— What the task asks —
While you copy the lines below, skip the pictures and keep the rest exact.

(Stored records)
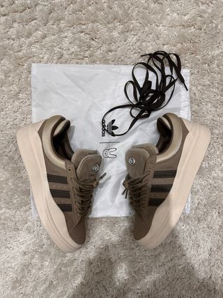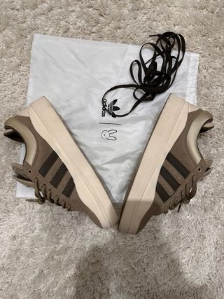 Zapatillas de la marca Adidas bad bunny en tonos beige y marrón. - Diseño moderno y versátil de bad bunny. - Cordones marrones a juego. - Suela gruesa y cómoda. - Solo un uso y sin caja
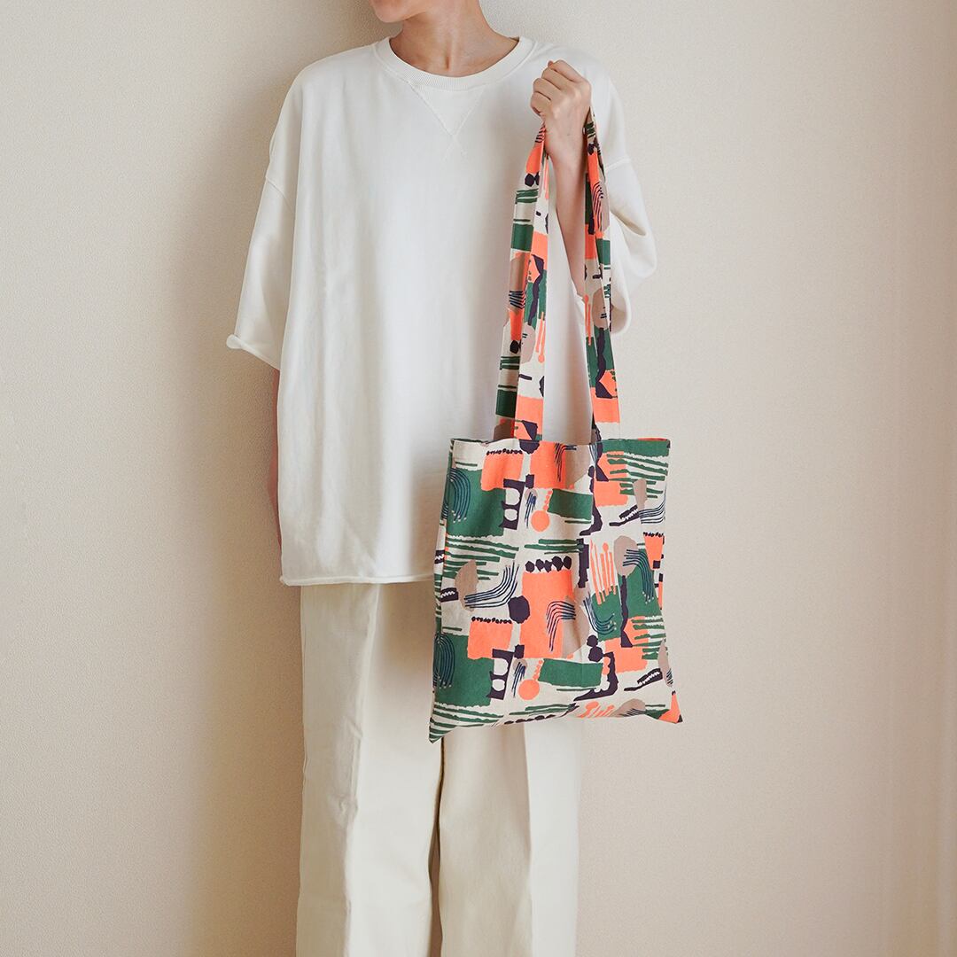 ぺたんこ正方形トート | 蛍光プリント・オレンジ
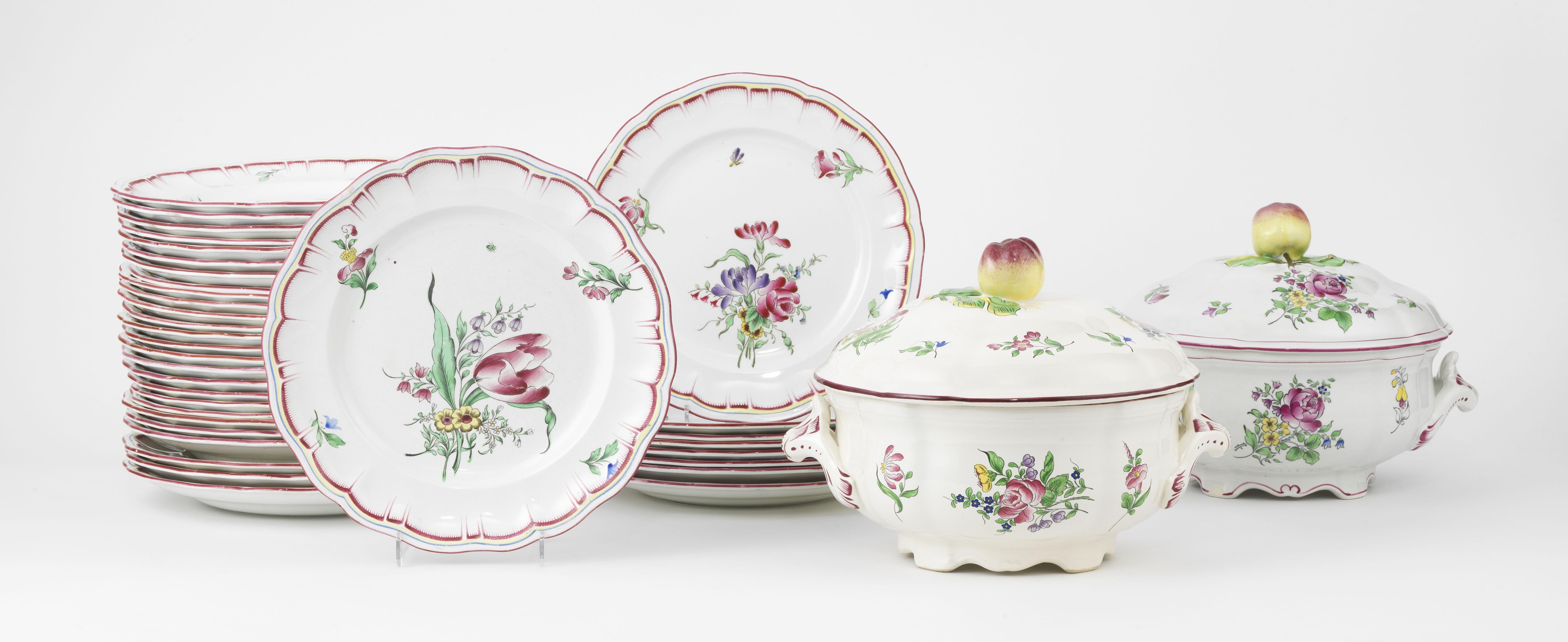 Lunéville, faïence, comrepant: 24 assietes à dîner, 6 à dessert, 2 légumiers et 3 plats (35p)
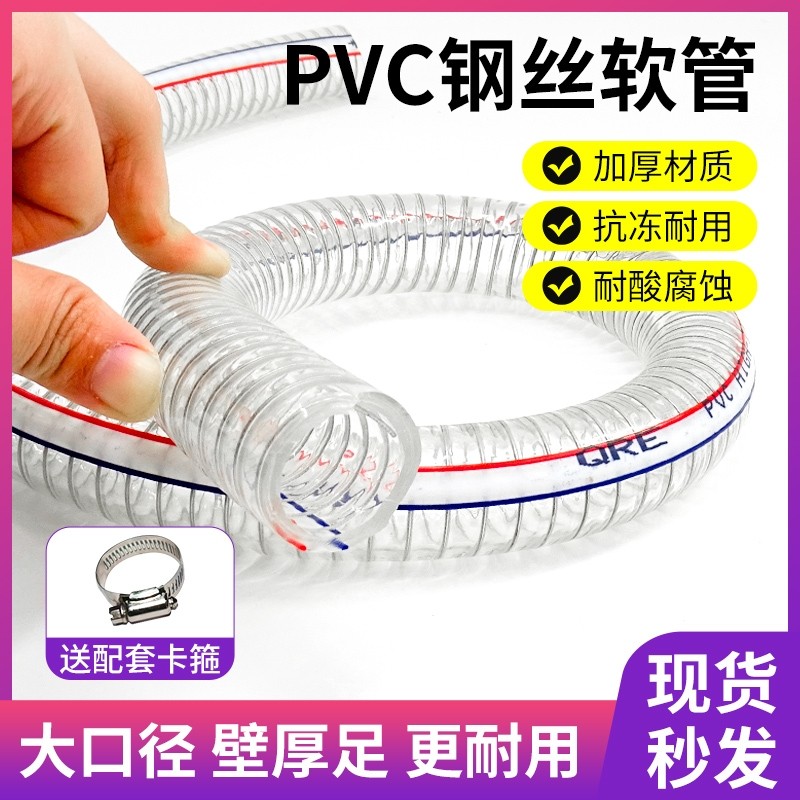 钢丝软管pvc透明加厚高温塑料50管水管抽油管子高压1/2/3寸钢丝管
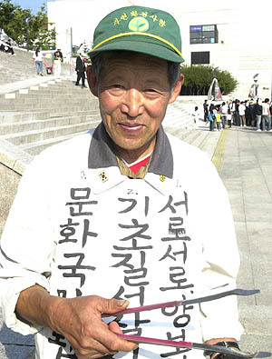 '서로에게 양보하고 기초질서 잘 지켜서 문화국민 됩시다' '아름다운 우리 고장, 자연환경 깨끗하게, 내가 머물던 자리는 깨끗이 치우고 갑시다' 등 흰 티 위에 검은 먹으로 직접 써넣은 교훈적인 문구와 검은색 비닐봉지는 이제 그의 상징이 됐다.
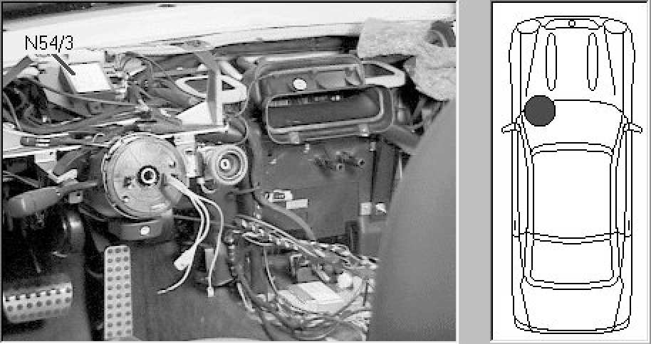 Behind instrument cluster, above steering column
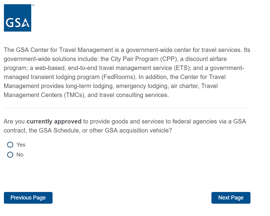 If Program Office = GSA Center for Travel Management, skip to Screen 10.
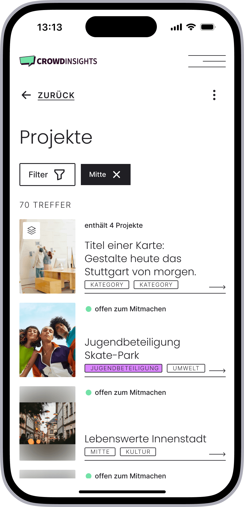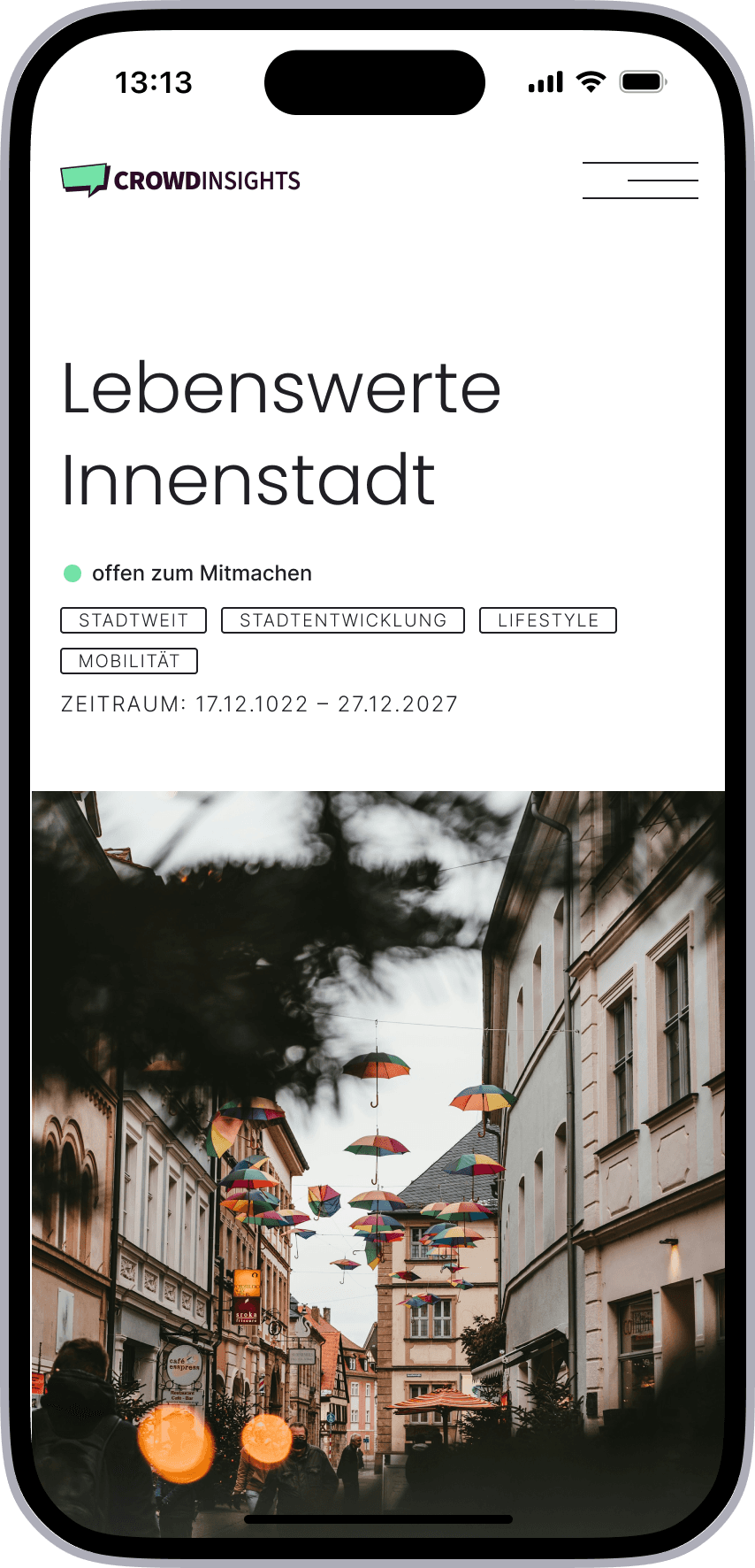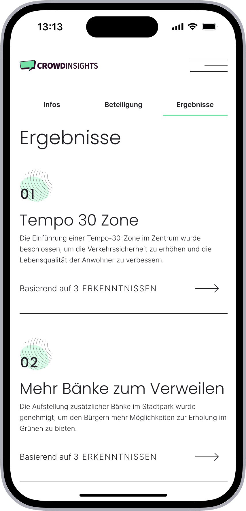 CrowdInsights is a scalable participation platform enabling municipalities to manage complex civic engagement. It is used to involve citizens in urban planning processes, idea submissions and public discussions.
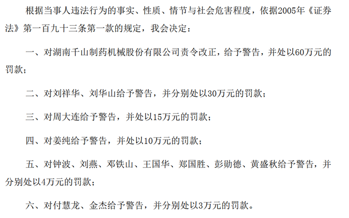 证监会认为,刘祥华伙同其胞弟刘华山,操控公司资金往来,领导、决策和组织实施千山药机信息披露违法事项,刘祥华、刘华山是千山药机上述年度报告虚假记载的直接负责主管人员,且应承担主要责任。同时,刘样华、刘华山凌驾于公司内部控制之上,领导、决策和组织实施千山药机违规发生金额巨大的关联方资金占用,涉案金额巨大,违法情节严重,也是千山药机临时报告信息披露违法行为直接负责的主管人员。
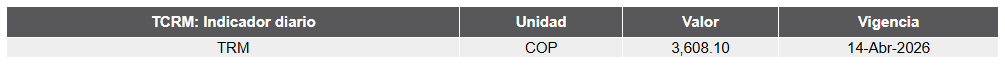 Fuente Superintendencia financiera de Colombia Tasa de Cambio Representativa del Mercado
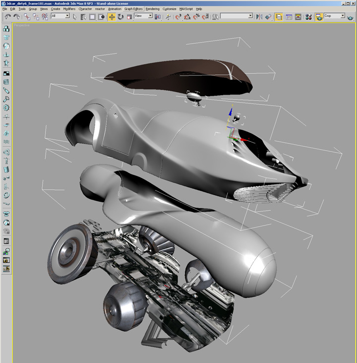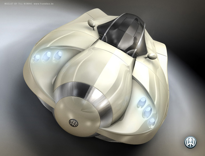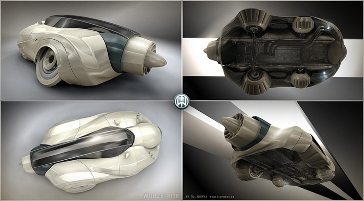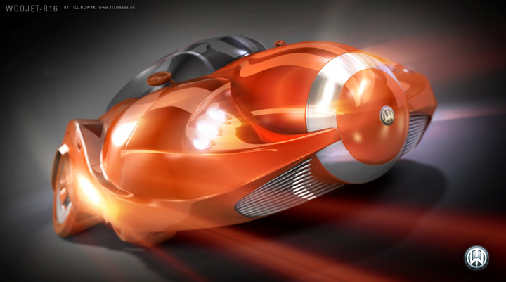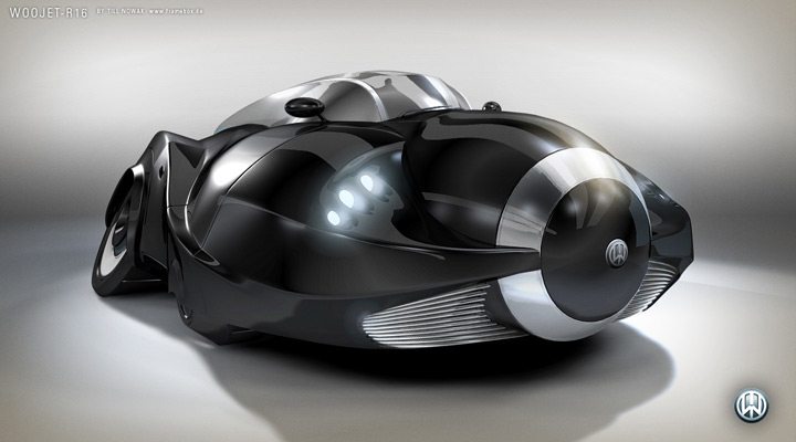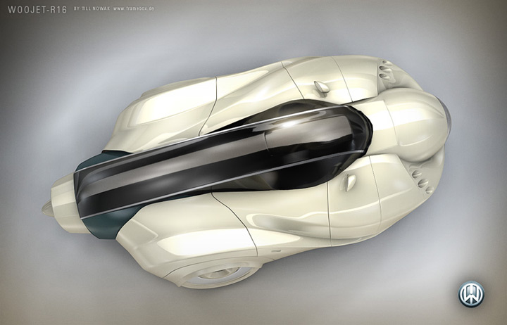 The futuristic car used in the image was designed by Till Nowak in 2006, one year before “Blowout at Exit 16A” was created. Till started to work with capsule shaped vehicles in his shortfilm “Delivery”. The goal of these designs was to create the most powerful and heavy vehicle design but preserve beauty and elegance.
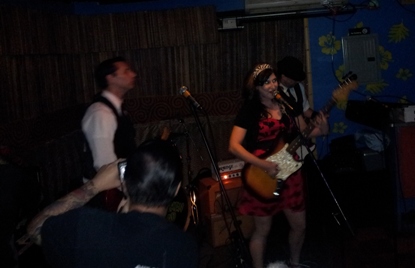 Pictured: The Evil Streaks, Back of This Guy's head (left)Over the weekend, I was able to catch The Evil Streaks (Weird Jon wrote an excellent travelogue about his trip to see them) at Otto’s Shrunken Head. Always a joy, they were an excellent sight. One of the gents in the audience was wearing a Kings Of Nuthin’ t-shirt. In fact, you can see the back of his head in the shitty picture I took with my cell phone.
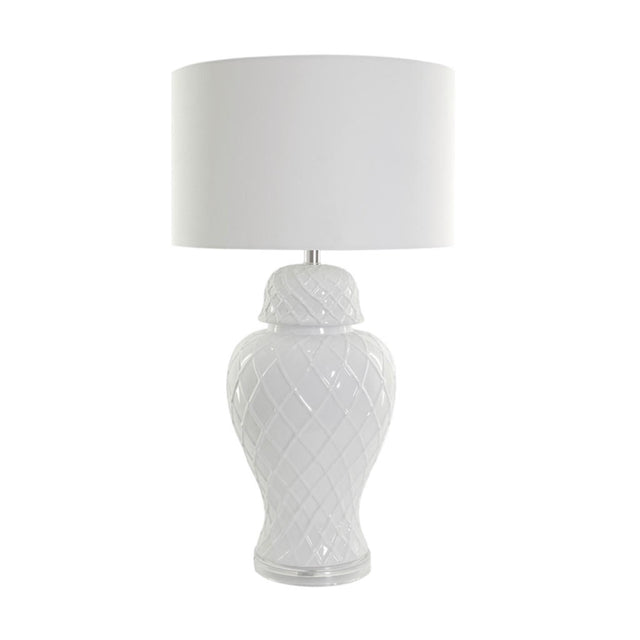 Make a striking statement in your home with this beautiful white ceramic diamond ginger jar lamp. Featuring a stunning criss-cross raised diamond design, it's ideal for all styles of décor including Hamptons, Classic, Coastal & French!
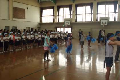 中間休みに,体育館で青組の応援練習がありました。
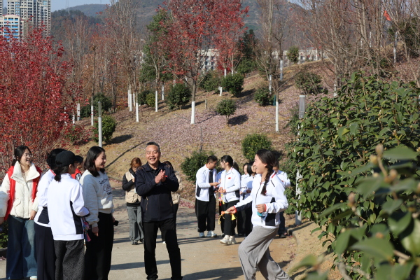 赛前,教职工们前往学校后山枫林参与“金山枫林寻宝”暖场活动,在轻松寻访“入场券”的过程中,共同感受秋日校园的自然美景,现场洋溢着欢快活泼的氛围。
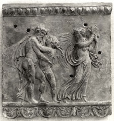 | Mi ez? | Campana-relief | | Hol találták? | Itália | | Hol található? | Szépművészeti Múzeum, Antik Gyűjtemény | | Méret: | m: 46, 5 cm; sz: 44 cm | | Állapot: | Ép, több darabból levés kiegészítéssel összeállítva. A rögzítésre szolgáló átfúrt lyukakkal.
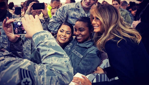 Перед Рождеством у Мелании Трамп насыщенный график: вчера первая леди США вместе с семьями военнослужащих помогла Санта-Клаусу упаковать подарки для детей из малоимущих семей, а теперь отправилась с визитом на военную базу в штат Виргиния. Встречающие специально для почетной гостьи устроили небольшую экскурсию, где она смогла близко рассмотреть истребители, побывать на авианосце «Джордж Буш» и поблагодарить военных за службу, а заодно пообщалась с детьми из местных школ.
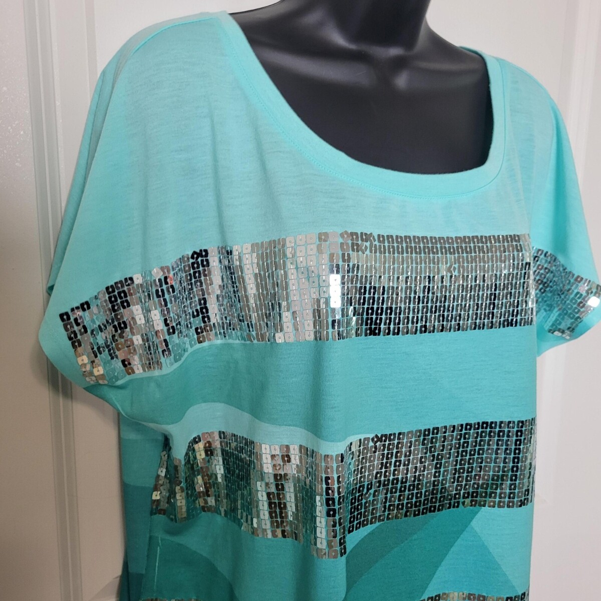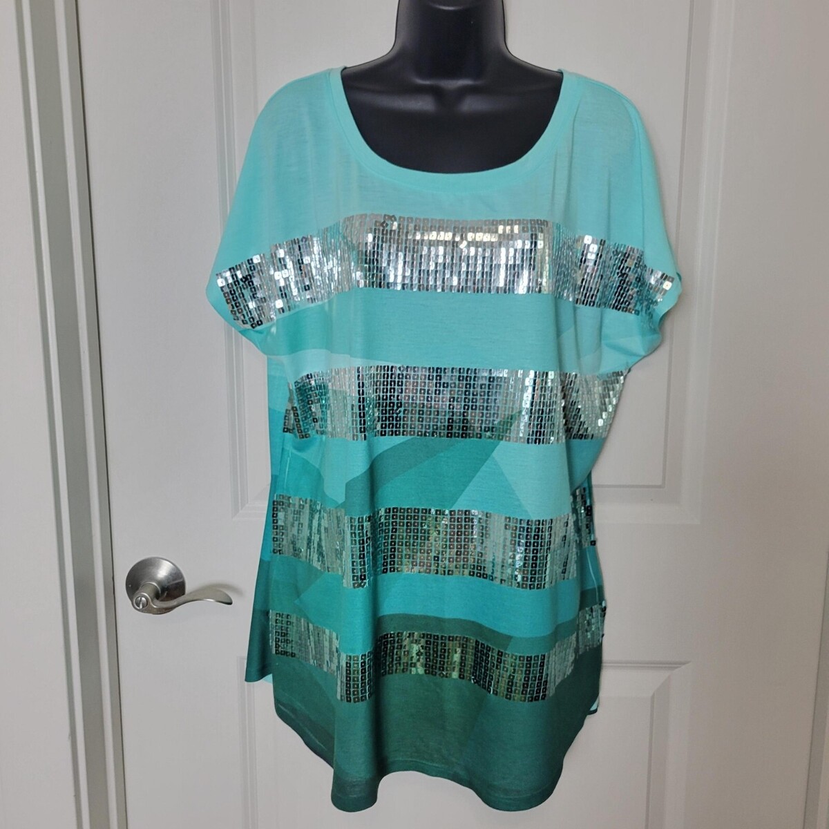 - NWT Lane Bryant Top Womens Size 18 20 Watercolor Sequin Accent T Shirt Blouse

— Your response —
 Zapatillas de la marca Adidas bad bunny en tonos beige y marrón. - Diseño moderno y versátil de bad bunny. - Cordones marrones a juego. - Suela gruesa y cómoda. - Solo un uso y sin caja
 ぺたんこ正方形トート | 蛍光プリント・オレンジ
 Lunéville, faïence, comrepant: 24 assietes à dîner, 6 à dessert, 2 légumiers et 3 plats (35p)
 钢丝软管pvc透明加厚高温塑料50管水管抽油管子高压1/2/3寸钢丝管
 '서로에게 양보하고 기초질서 잘 지켜서 문화국민 됩시다' '아름다운 우리 고장, 자연환경 깨끗하게, 내가 머물던 자리는 깨끗이 치우고 갑시다' 등 흰 티 위에 검은 먹으로 직접 써넣은 교훈적인 문구와 검은색 비닐봉지는 이제 그의 상징이 됐다.
 Behind instrument cluster, above steering column
 If Program Office = GSA Center for Travel Management, skip to Screen 10.
 CrowdInsights is a scalable participation platform enabling municipalities to manage complex civic engagement. It is used to involve citizens in urban planning processes, idea submissions and public discussions.
 证监会认为,刘祥华伙同其胞弟刘华山,操控公司资金往来,领导、决策和组织实施千山药机信息披露违法事项,刘祥华、刘华山是千山药机上述年度报告虚假记载的直接负责主管人员,且应承担主要责任。同时,刘样华、刘华山凌驾于公司内部控制之上,领导、决策和组织实施千山药机违规发生金额巨大的关联方资金占用,涉案金额巨大,违法情节严重,也是千山药机临时报告信息披露违法行为直接负责的主管人员。
 Fuente Superintendencia financiera de Colombia Tasa de Cambio Representativa del Mercado
 The futuristic car used in the image was designed by Till Nowak in 2006, one year before “Blowout at Exit 16A” was created. Till started to work with capsule shaped vehicles in his shortfilm “Delivery”. The goal of these designs was to create the most powerful and heavy vehicle design but preserve beauty and elegance.
 Pictured: The Evil Streaks, Back of This Guy's head (left)Over the weekend, I was able to catch The Evil Streaks (Weird Jon wrote an excellent travelogue about his trip to see them) at Otto’s Shrunken Head. Always a joy, they were an excellent sight. One of the gents in the audience was wearing a Kings Of Nuthin’ t-shirt. In fact, you can see the back of his head in the shitty picture I took with my cell phone.
 Make a striking statement in your home with this beautiful white ceramic diamond ginger jar lamp. Featuring a stunning criss-cross raised diamond design, it's ideal for all styles of décor including Hamptons, Classic, Coastal & French!
 中間休みに,体育館で青組の応援練習がありました。
 赛前,教职工们前往学校后山枫林参与“金山枫林寻宝”暖场活动,在轻松寻访“入场券”的过程中,共同感受秋日校园的自然美景,现场洋溢着欢快活泼的氛围。
 | Mi ez? | Campana-relief | | Hol találták? | Itália | | Hol található? | Szépművészeti Múzeum, Antik Gyűjtemény | | Méret: | m: 46, 5 cm; sz: 44 cm | | Állapot: | Ép, több darabból levés kiegészítéssel összeállítva. A rögzítésre szolgáló átfúrt lyukakkal.
 Перед Рождеством у Мелании Трамп насыщенный график: вчера первая леди США вместе с семьями военнослужащих помогла Санта-Клаусу упаковать подарки для детей из малоимущих семей, а теперь отправилась с визитом на военную базу в штат Виргиния. Встречающие специально для почетной гостьи устроили небольшую экскурсию, где она смогла близко рассмотреть истребители, побывать на авианосце «Джордж Буш» и поблагодарить военных за службу, а заодно пообщалась с детьми из местных школ.
 - NWT Lane Bryant Top Womens Size 18 20 Watercolor Sequin Accent T Shirt Blouse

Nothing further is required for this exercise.